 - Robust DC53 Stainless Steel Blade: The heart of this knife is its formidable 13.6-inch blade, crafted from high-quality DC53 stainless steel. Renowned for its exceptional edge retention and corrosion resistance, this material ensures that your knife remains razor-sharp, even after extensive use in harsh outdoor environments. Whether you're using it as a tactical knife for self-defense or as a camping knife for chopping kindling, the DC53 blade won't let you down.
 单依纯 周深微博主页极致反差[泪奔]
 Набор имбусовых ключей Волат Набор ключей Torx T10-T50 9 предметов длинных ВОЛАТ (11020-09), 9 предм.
+ + + + + + +
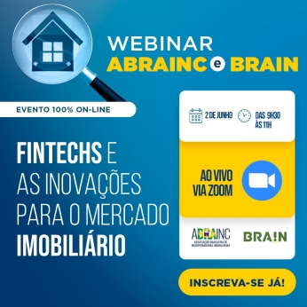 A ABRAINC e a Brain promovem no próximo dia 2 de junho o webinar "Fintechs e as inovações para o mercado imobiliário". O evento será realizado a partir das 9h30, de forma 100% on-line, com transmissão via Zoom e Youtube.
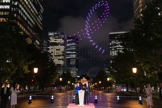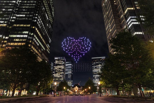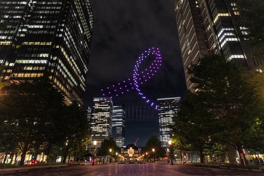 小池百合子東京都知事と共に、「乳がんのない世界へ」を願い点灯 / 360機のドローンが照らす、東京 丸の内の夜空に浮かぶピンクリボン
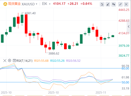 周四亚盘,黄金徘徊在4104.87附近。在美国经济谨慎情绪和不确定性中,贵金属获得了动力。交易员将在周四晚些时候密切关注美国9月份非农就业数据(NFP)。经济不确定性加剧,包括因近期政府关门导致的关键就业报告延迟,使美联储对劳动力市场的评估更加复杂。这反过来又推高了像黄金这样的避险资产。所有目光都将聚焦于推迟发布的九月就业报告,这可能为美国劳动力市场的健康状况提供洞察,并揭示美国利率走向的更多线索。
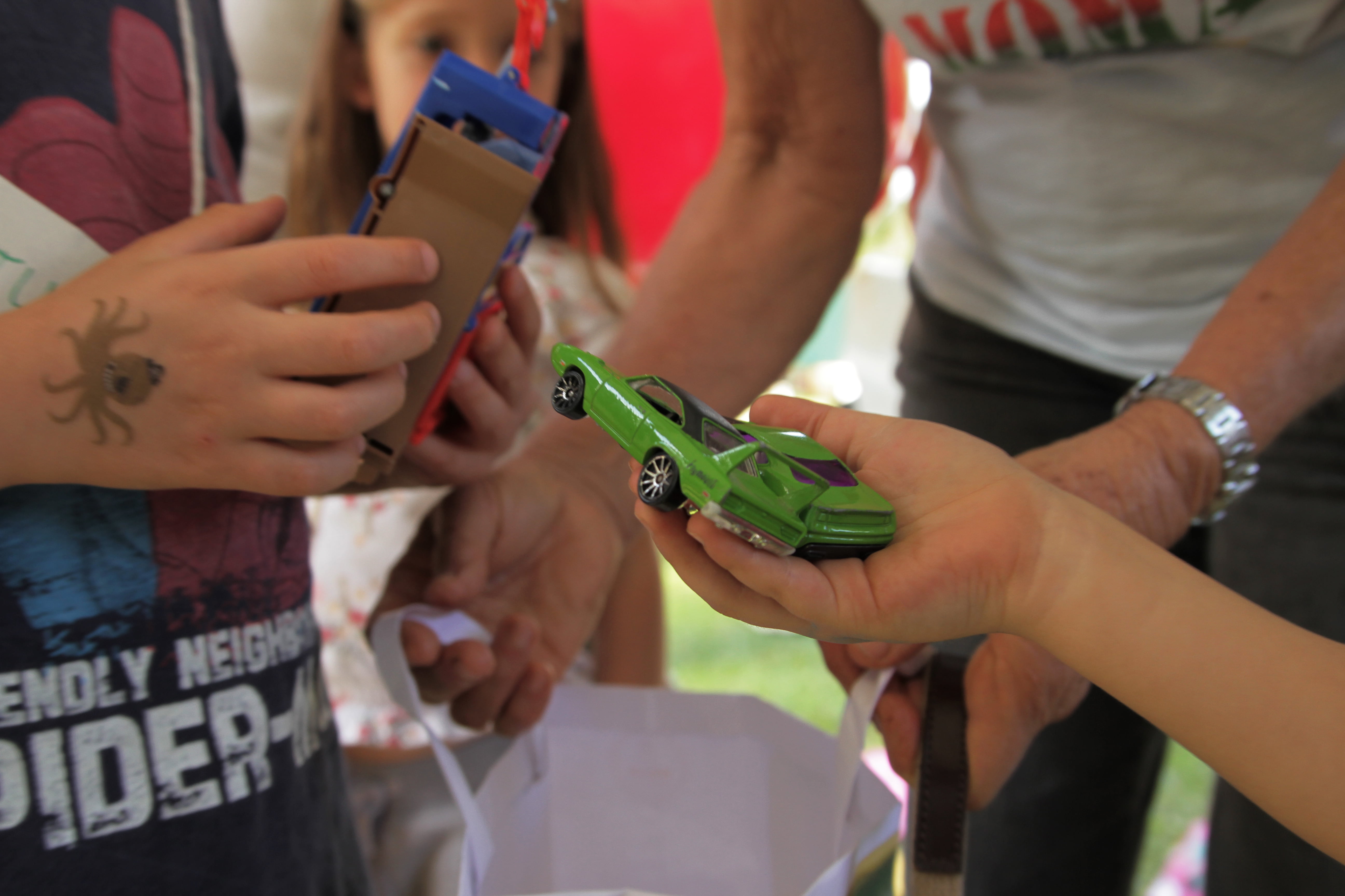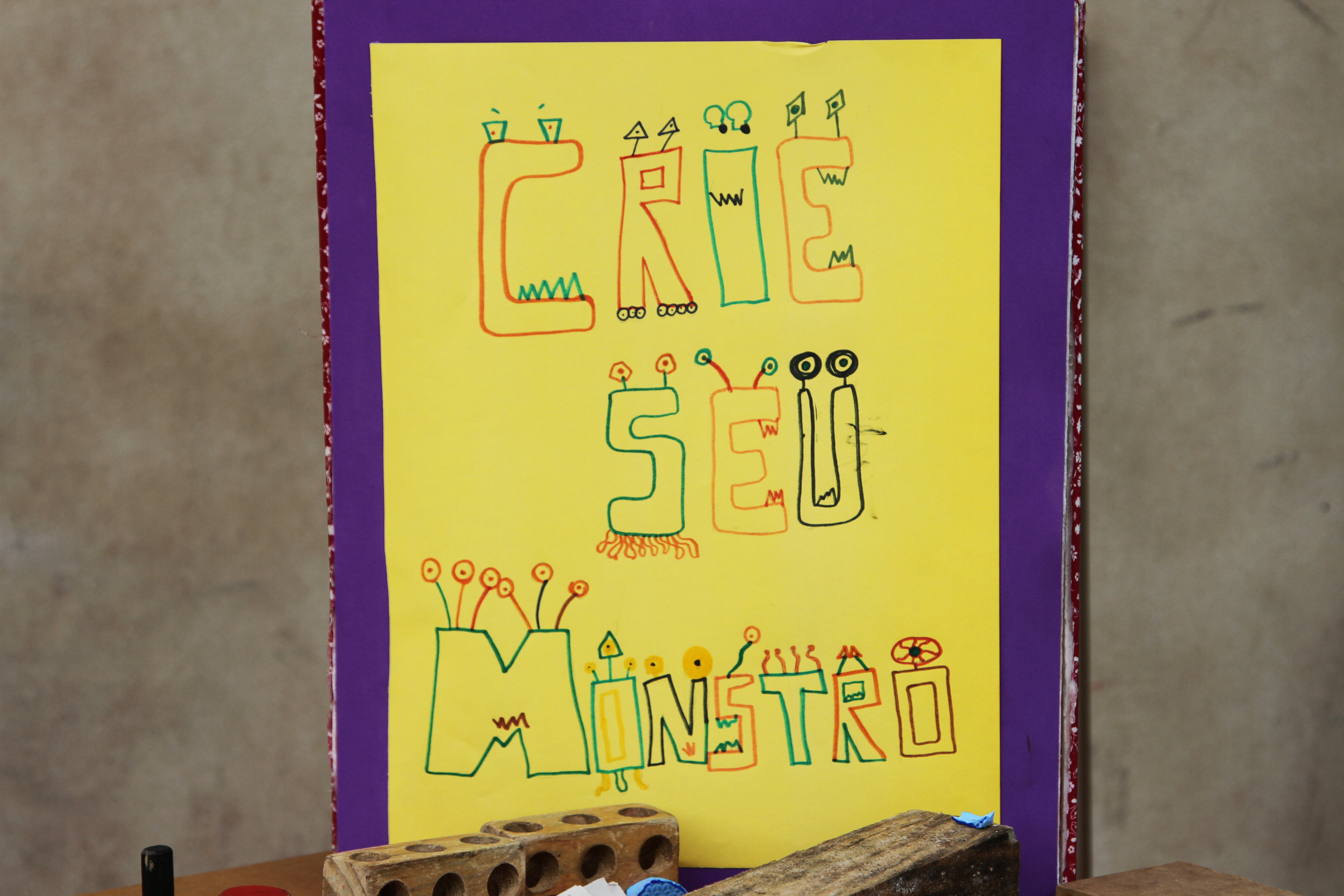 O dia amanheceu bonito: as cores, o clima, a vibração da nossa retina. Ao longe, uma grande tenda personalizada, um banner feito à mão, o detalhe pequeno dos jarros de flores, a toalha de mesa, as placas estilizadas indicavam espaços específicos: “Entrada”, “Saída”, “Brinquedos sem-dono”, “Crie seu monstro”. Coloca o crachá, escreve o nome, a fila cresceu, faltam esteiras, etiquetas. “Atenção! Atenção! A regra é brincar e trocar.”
+ + + + + + +
## Task objective
Whatever pictures the records hold, omit them; give again exactly the lines from the one containing "A ABRAINC e" through the one containing "O dia amanheceu".

## Answer box
 A ABRAINC e a Brain promovem no próximo dia 2 de junho o webinar "Fintechs e as inovações para o mercado imobiliário". O evento será realizado a partir das 9h30, de forma 100% on-line, com transmissão via Zoom e Youtube.
 小池百合子東京都知事と共に、「乳がんのない世界へ」を願い点灯 / 360機のドローンが照らす、東京 丸の内の夜空に浮かぶピンクリボン
 周四亚盘,黄金徘徊在4104.87附近。在美国经济谨慎情绪和不确定性中,贵金属获得了动力。交易员将在周四晚些时候密切关注美国9月份非农就业数据(NFP)。经济不确定性加剧,包括因近期政府关门导致的关键就业报告延迟,使美联储对劳动力市场的评估更加复杂。这反过来又推高了像黄金这样的避险资产。所有目光都将聚焦于推迟发布的九月就业报告,这可能为美国劳动力市场的健康状况提供洞察,并揭示美国利率走向的更多线索。
 O dia amanheceu bonito: as cores, o clima, a vibração da nossa retina. Ao longe, uma grande tenda personalizada, um banner feito à mão, o detalhe pequeno dos jarros de flores, a toalha de mesa, as placas estilizadas indicavam espaços específicos: “Entrada”, “Saída”, “Brinquedos sem-dono”, “Crie seu monstro”. Coloca o crachá, escreve o nome, a fila cresceu, faltam esteiras, etiquetas. “Atenção! Atenção! A regra é brincar e trocar.”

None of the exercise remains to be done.